We would have benefited from Backwards Planning (an old Army technique) where one looks at where you want to be and when you want to be there. You work backwards from there to determine needs, and available time to plan, rehearse, correct, rehearse again, and then,  execute violently. But this is not the military and I have been in the civilian sector far longer than I was ever in service. Peer-group projects work well when all are focused on the common goal and common values are shared. I learned a great deal through this assignment, both about human dynamics and the specifics of Digital Inequality. Wanting to put this project into action at some point, the lessons learned will help keep me grounded as I move forward.

Please see the link below for our sources:

https://docs.google.com/document/pub?id=1jzQHeNGPRm86mAOymZhzTLNAaNIUADlVuyWaJ9UqL0o

Introduction Video

I embark on yet another first as part of my journey to an MET at Boise State University. I have never blogged before and now I begin my first post reflecting on my Introduction Video assignment as part of Ed Tech 501, Introduction to Educational Technology.
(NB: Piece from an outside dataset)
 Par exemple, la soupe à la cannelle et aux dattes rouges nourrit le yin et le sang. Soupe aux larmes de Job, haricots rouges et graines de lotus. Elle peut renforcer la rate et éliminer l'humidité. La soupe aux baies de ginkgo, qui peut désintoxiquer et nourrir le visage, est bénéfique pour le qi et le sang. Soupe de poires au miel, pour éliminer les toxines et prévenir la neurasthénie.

This involved many new things for me. I have made videos before and even seen a few posted to You Tube. However, those movies were made using some sort of tape first. Up until this class, I have never completely composed a movie, filmed, compiled from others and edited on a computer. As with most projects, there were a combination of factors I could control and those I could not. I discovered I could not edit the lighting of subjects who recorded their parts and emailed them to me. I could control the audio and edit high frequency pitches evident in some of the portions. I incorporated transitions and music to make my video more interesting to the viewer. I used IMovie to compile and edit my production, and Garageband to add sound effects. A key issue learned was time. When I posted my movie, it was five minutes in length. Once on YouTube it became 5:01 and now embedded here it is 5:02. It serves to remind me to insure my production is as intended when I teach. I also learned how to edit my Preferences in order to embed my video. Nelson Baquero was patient and calm as he guided me through yet another first.
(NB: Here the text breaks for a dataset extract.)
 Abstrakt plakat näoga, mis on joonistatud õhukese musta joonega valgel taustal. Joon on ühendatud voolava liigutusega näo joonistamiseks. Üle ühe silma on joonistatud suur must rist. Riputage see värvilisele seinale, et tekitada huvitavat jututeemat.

I certainly would align this video with ACET 2.4 Integrated Technologies as I compiled multiple media into one production. I combined the numerous elements to weave an introductory video for my peers and teacher. By posting it on the class discussion board, my video became interactive allowing others to offer feedback both affirming and critically analyzing elements of the work they viewed. This provided insight to me from those both near and far geographically reinforcing the value of my chosen Master’s program.

As you can see, I still have a great deal to learn, with this production resembling more Ed Wood’s Plan 9 From Outer Space than Akira Kurosawa’s Rashomon. I look forward to learning new skills and applications to make me a better communicator, listener and educator.

Kurosawa, A. (Director). 1950. Rashomon [Film]. Toyko: Daiei.
Wood, E. (Director). 1959. Plan 9 From Outer Space [Film]. Los Angeles: Reynolds.